Nous sommes plusieurs dizaines de milliers dans les universités franciliennes, mais nos campus sont de plus en plus vides. Nous devons combler ce vide, proposer quelque chose de nouveau dans nos vies étudiantes, reprendre en main nos quotidiens. Dans une France, où la vie est toujours plus chère et ennuyeuse, il est crucial d’agir. Actuellement quelles sont les tendances politiques qui proposent une organisation de nos avenirs ?

Du côté institutionnel, en Île-de-France, les élections des représentants des étudiants au sein des Crous ont placé trois listes en tête : l’Union Etudiante, l’UNEF, et la FAGE.

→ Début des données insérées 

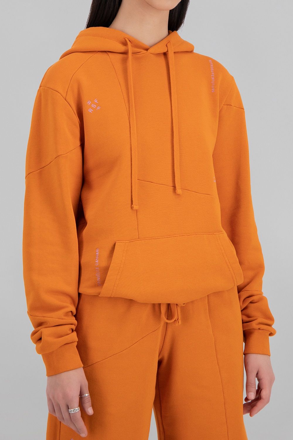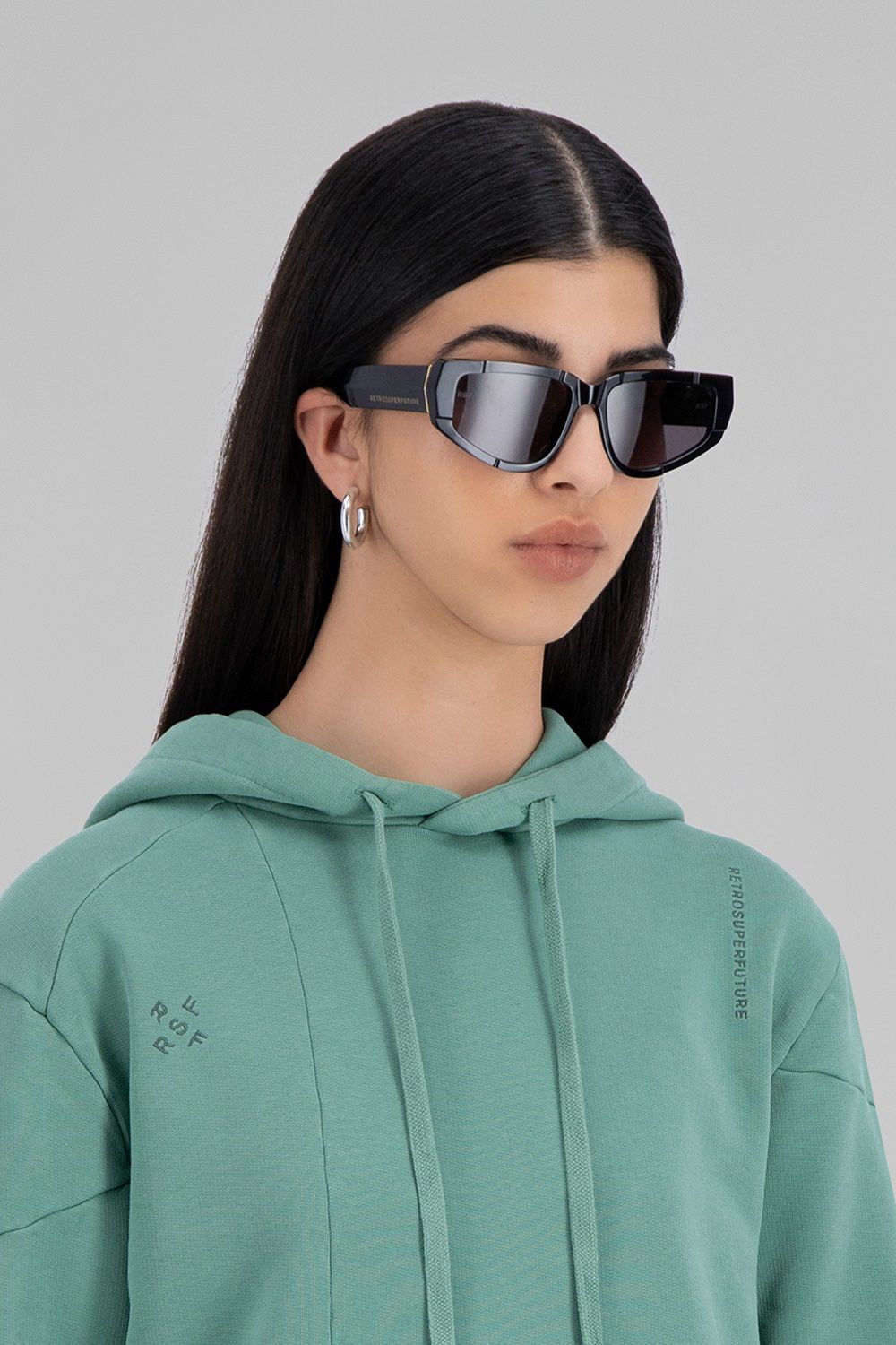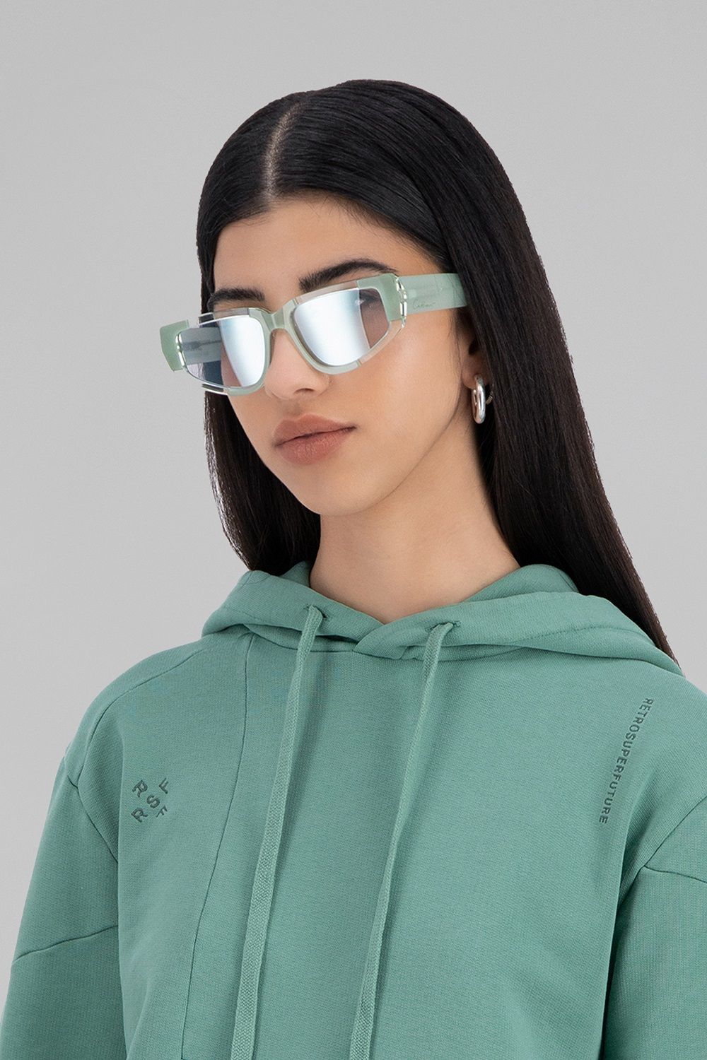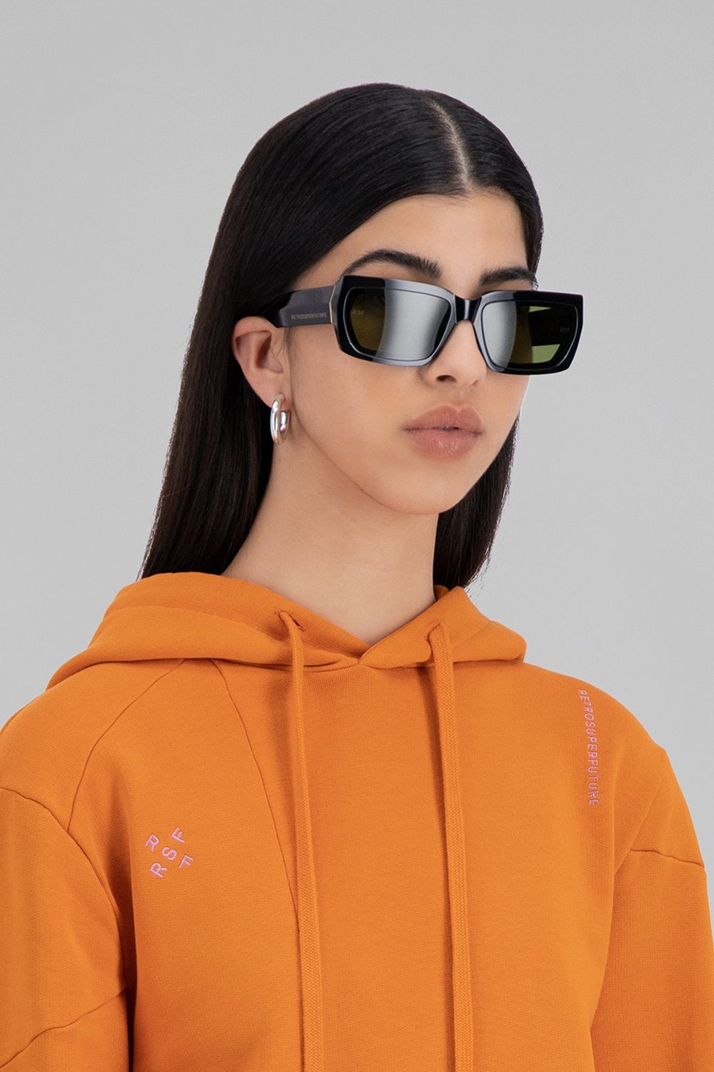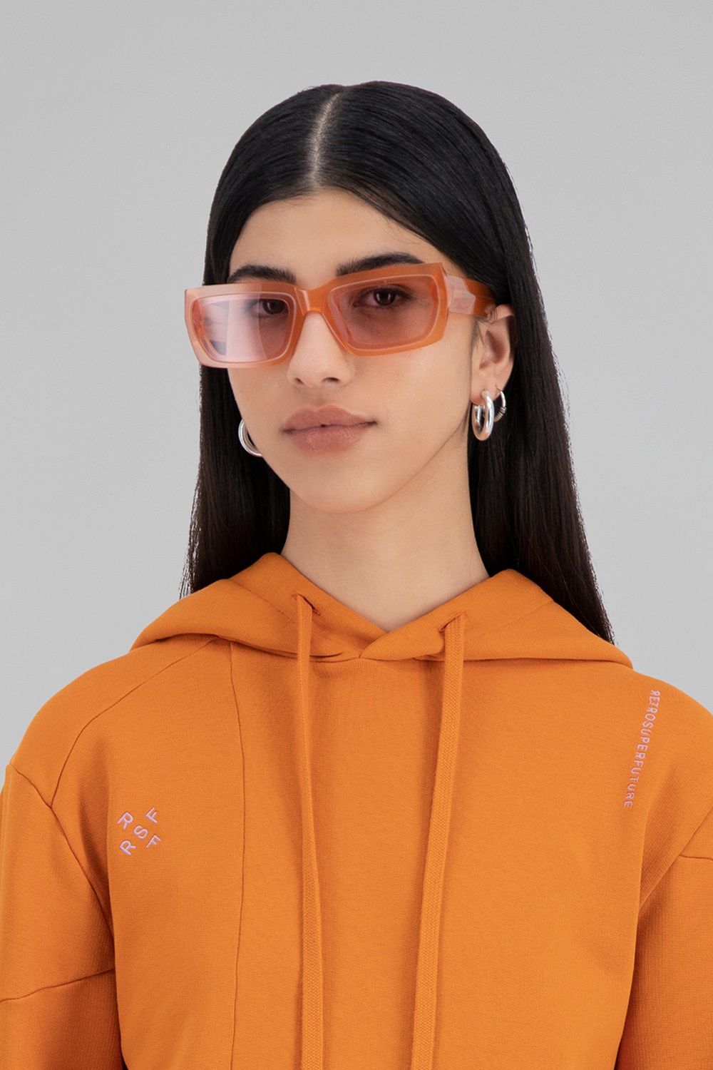 Diventata popolare grazie alla sua rivisitazione contemporanea dell'iconica tracksuit di adidas Originals, la giovane designer ha conquistato la Gen Z giocando con tagli, decostruzioni, sovrapposizioni, contrasti, mescolando codici femminili e maschili. Gli stessi elementi caratterizzano gli occhiali ed i capi della collezione realizzata con RSF.
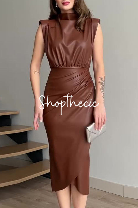 Slip into sleek sophistication with this show-stopping PU leather midi dress. The round neckline keeps things classic while the sleeveless cut shows off your shoulders in style. Cinch that waist to highlight your curves, then let the hip-hugging silhouette do the talking as it flows to a chic midi length. Perfect for turning heads at parties, date nights, or whenever you're ready to feel absolutely fabulous. Edgy, elegant, and undeniably fun.

Les trois syndicats partagent tous des tendances sociales démocrates. Ils sont habitués à de longues discussions interminables avec l’administration, sans aucun rapport avec la vie directe des étudiants et étudiantes. On peut résumer leur action politique par ce slogan : ‘’Du progrès dans l’ordre’’. Cette logique n’amène qu’à un seul chemin : l’obéissance.

« Demander la victoire et n’avoir pas envie de se battre, je trouve que c’est mal élevé. »

Du côté radical, il existe des initiatives promouvant l’anticapitalisme. Quelle que soit la justesse de ces théories, les groupes s’en revendiquant s’enferment dans des dynamiques groupusculaires qui n’arrivent pas à faire machine avec l’extérieur. Auto-référencement, spécialisation du discours, carte d’identité politique demandée à l’entrée des AG… L’autonomie universitaire nous paraît nager à contre-courant. Au sein d’une époque à ce point désorientée, il nous semble impossible, avec ce genre de pratiques, de s’aligner avec le reste de l’université et de ses habitants. Ce sont des parallèles inspirantes mais les parallèles ne se croisent pas.

Du coté administratif, on peut parler d’une politique beaucoup plus gazeuse avec la promotion des BDE étudiants qui ne proposent que des vacances et des soirées hors de prix, dans un style propre aux futurs cadres de la société. Structure hiérarchique, sélection économique, et silence radio sur les aspirations des étudiants, les BDE ne sont que le reflet de notre société égoïste.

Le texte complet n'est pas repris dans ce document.